Give smart phones a rest
European visitors to the FIFA World Cup Qatar 2022 must change their communications game in Qatar, warns Synopsys Cybersecurity Research Center (CyRC) an expert on the local conditions. CyRC said England fans, for example, might be better off leaving their smartphones on the bench for the fixture against Iran in the Khalifa Stadium today. Instead, CrRC has suggested they give Burner Handsets a debut in Riyyala because, as security consultant Travis Biehn warns, the England phones will be left vulnerable by unfamiliar software which might lead them to fall foul of local authorities.
Scouts from agit-prop web site Politico have collated the dangers allegedly posed to 1.5 million visitors by local conditions, namely two Qatar World Cup apps that they are obliged to ingest on their phones. The first download is the official World Cup app Hayya. Secondly, those needing health services must download the infection-tracking app Ehteraz. Both apps have been outed as spyware by security experts because they secretly give the Qatari authorities omnipotent access to each user’s data, allowing them to read, delete or change content and even make direct calls. “I would never bring my mobile phone on a visit to Qatar,” said Øyvind Vasaasen, head of security at NRK.
After reviewing the warnings of Europe’s regulators NRK warned that Qatar’s World Cup apps are a massive privacy risk. The German Federal Commissioner for Data Protection and Freedom of Information (BFDI) says privacy has got absolutely no chance because visitors are being asked to download apps that go much further than their privacy notices indicate. One app notes which numbers each visitor has stored on their phone and whether they call them during the tournament. Another software run, once installed, sets out to actively prevents the device from going into sleep mode. “It is obvious that the data used by the apps is transmitted to a central server,” said BFDI’s guidance.

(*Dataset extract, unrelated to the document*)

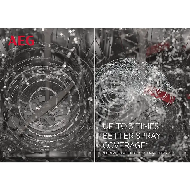 ТЯСНА СЪДОМИЯЛНА 45 СМ. AEG FFB62427ZM ТЕХНОЛОГИЯ AIRDRYДори силно замърсените големи съдове получават почистване от ъгъл до ъгъл със SatelliteClean®. Иновативното разпръскващо рамо гарантира, че водата достига навсякъде. За дълбоко почистване с до три пъти по-добро покритие на струята, то осигурява зашеметяващи резултати на почистване на всяка повърхност.
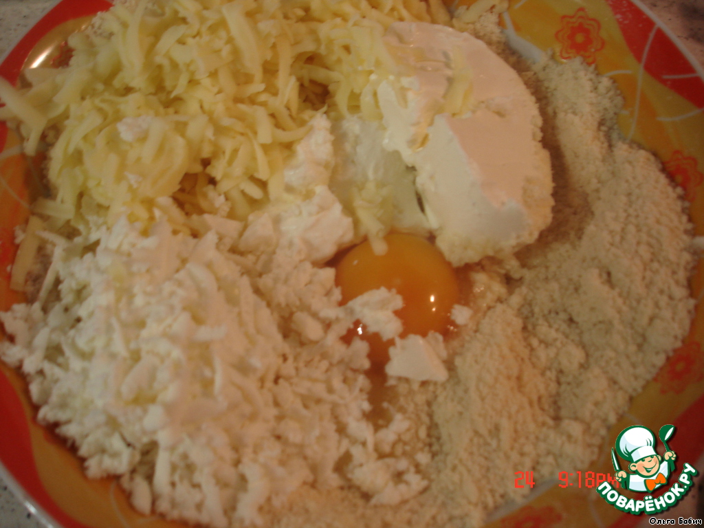 Добавить сметану, все сыры по списку, яйцо, хорошо все перемешать

The Norwegian Comms authority NKOM regulator said the extensive access demanded by the apps means that visitors to Qatar, especially vulnerable groups, will be monitored by the Qatari authorities. French regulator CNIL warned fans to take “special care” with photos and videos and told travellers to install the apps just before departure and delete them as soon as possible. “In France, we protect the fundamental rights of individuals and the protection of their data. This is not the case in Qatar,” tweeted Junior Minister for Digital Jean-Noël Barrot.

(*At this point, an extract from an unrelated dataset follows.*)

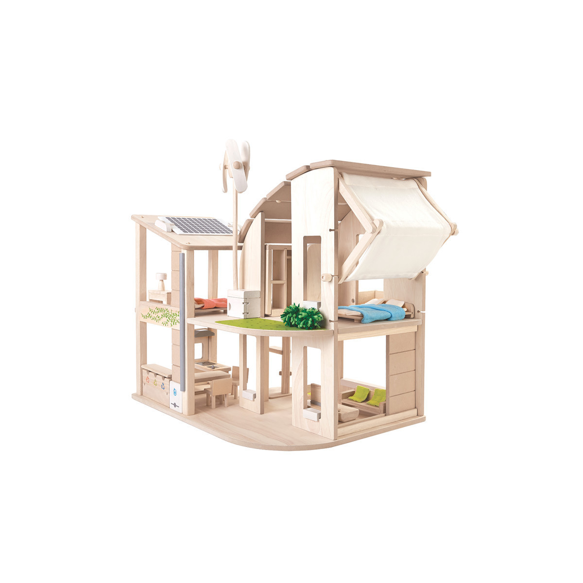 - GREEN WOODEN DOLLHOUSE includes dollhouse furniture set and energy-efficient design including wind turbine, solar cell, and recycling bins to promote child education about sustainable living

The apps may collect evidence that would be used either to watch potential enemies, allow police to arrest people for exercising basic human rights, or act as evidence after arrest in corrupt courts enforcing incredibly draconian laws, according to Jamie Boote, software security consultant at the Synopsys Software Integrity Group.

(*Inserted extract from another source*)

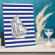 Un chrome argenté comme régatta design voilier sur un décor bleu marine rayures. Un cadeau de voilier nautique moderne. Utilisez le lien "Demandez à ce concepteur" pour nous contacter avec vos demandes de design spécial ou pour obtenir de l'aide pour répondre à vos besoins de personnalisation.
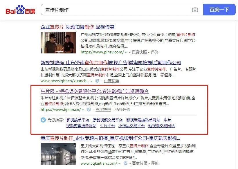 我们知道,除了业内人士,非影视行业的广告主找人合作,一般都会上网搜索,牛片强大的SEO必然会出现在广告主的搜索结果中。

Additionally, the app does not offer two factor protection, which opens it up to brute force attacks by hackers. The COVID contract tracing app, “EHTERAZ 12.4.7,” contained at least eight outdated software components that themselves contain serious security flaws, including 13 critical severity vulnerabilities and 20 high severity vulnerabilities. The most dubious software components are old versions of message processing libraries like GSON and Expat, which contain serious memory corruption vulnerabilities. These components are likely used for processing messages from the application’s back-end server, as well as image processing libraries libpng and libjpeg-turbo.
“The second you touch down in Qatar your phone no long belongs to you. Don’t bring any files or data that you don’t want the Qatari government peaking at. Bring a burner phone that can bin the minute you leave. Dispose of the potentially compromised device when you get home so the malware won’t continue to spy on your communications,” said Boote.